Beckie Kravetz, assistant wigmaster of the Los Angeles Opera, primped the mountain of blond yak hair atop the singer’s head.
     “I’m wearing yak hair?” asked Dale Wendel-Franzen,who plays Papageno in the production of Mozart’s “The Magic Flute” that opened last night at the Music Center/ “I’m not so sure I like that idea.”
     For Kravetz, 33, a Venice resident who has been with the company since the fall of 1987, explaining the tricks of her trade to opera performers is part of the job of turning ordinary people into dreamlike visions of fantasy.
     “It’s been sterilized,” said Kravetz, reassuringly. “Yak hair is coarser, and it holds a lot better than human hair. We like using it because it won’t fall down halfway through a performance.”
     Kravetz, along with Wigmaster Rick Geyer, are responsible for the wigs, makeup and masks for the opera company, which for this show has 18 principal performers, 35 chorus members and 19 non-singing cast members.

Formerly a Drama Student
     The New York native who grew up in Arizona says she has come a long way from studying dramaturgy—the history of theater—and taking acting lessons at Yale.
     “I did that for about a year and wasn’t really happy,” she said during an interview last week. “I kept volunteering to paint sets and make props when I should have been reading and writing. I wound up staying an extra year to do an internship in prop making.”
     It was during that internship that Kravetz took a class in mask making.
     “I had always loved the theater, and pursuing makeup and mask making seemed like a natural for me,” she said. “I just never knew you could have a profession doing it.”
     After a brief stint making masks with puppet masters in New York, Kravetz moved to New Mexico and realized “the West is where I belong.” She was doing masks for the Santa Fe Opera when she met a wig and makeup specialist who had just signed a contract to open a new opera house in Houston. The woman needed an extra assistant.
     A job opening with the Los Angeles Opera brought her to the West Coast during the fledgling company’s second season.
     When she first arrived in Los Angeles, she worked on the chorus and crew members. Now she works on the cast’s lead members like Wendel-Franzen and Placido Domingo.
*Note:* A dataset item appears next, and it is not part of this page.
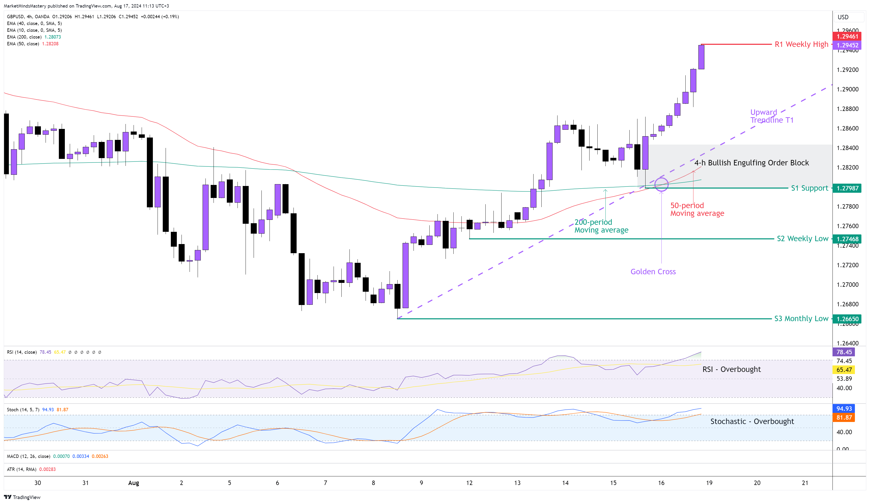 另一方面,如果价格下跌并向下移动,第一个支撑区域 S1 将在 1.09496 附近。如果价格击穿 S1 并继续走低,下一个支撑区域 S2 将是前一周的低点,约 1.09102。上图中标注的看涨吞没指令块位于 1.0920 附近,它可以成为任何价格下跌的额外支撑因素。进一步下行将找到下一个支撑位 S3,即 1.08814 附近,该位置也与 200-strong>移动平均线共存。

     “Beckie knows my head really well,” Wendel-Franzen said, as Kravetz touched up the complicated mesh makeup used to give the performer a cartoonish look—making skin not look like skin. “I can’t complete my character, especially in a show like this with so much body language until I see the costume, the makeup and the wig.”
     Much of Kravetz’s work has been on the job training.
     “It’s the kind of business where you’re always learning, like an apprentice,” she said.
     “Sometimes, you have to suffer through the mistakes to further the craft. But one of the things I like most about it is the legacy. There are some aspects of wigmaking that haven’t changed in 300 years.”
     Wigmakers form their creations on wooden blocks stowed in a cluttered makeup and wig room at the Dorothy Chandler Pavilion.
     For the principal performers, whose wigs must fit perfectly, canvas blocks are used. A plastic cap of the performers head is made, complete with hairline, and wigs are created on the form.
     “Sometimes we’ll have a dark-haired lead who has to wear a blond wig,” Kravetz said while giving a tour backstage. “The wigs have to fit perfectly. Most of them are made from human hair, but we do use some synthetics and yak hair when we need a stiffer look.
     “One of the roughest jobs we have is changing the age of people. Performers are cast for their voices and not for the way they look. Often I’m given someone who is very young but is going to play someone very old. Not only do we have to get the look right, but the makeup has to withstand the hours on stage.”

Excitement Alive
     Unlike film, opera offers the excitement of being in like theater, something that Kravetz loves.
     “There’s a popular misconception that we’re hairdressers,” she said. “My art goes for exaggeration. I’m working in a 8,000 seat house, and you’ve got to ‘read’ to the back wall.”
     Until she started working in the field, Kravetz didn’t like opera.
“I was not a fan,” she said. “Now, I love it. I love the music and scale of the experience It’s a heightened reality. There’s a lot of opportunity for me to be an artist. I’m given faces as a canvas to create characters.”
     Kravetz works about 9 1/2 months out of the year for the opera. She also does work on commercials and has taught art to mentally retarded and developmentally disabled adults at the Exceptional Children’s Foundation.
     But there’s one time of year Kravetz work: Halloween.
     “I totally ignore Halloween,” she said. “I live this stuff all year round.”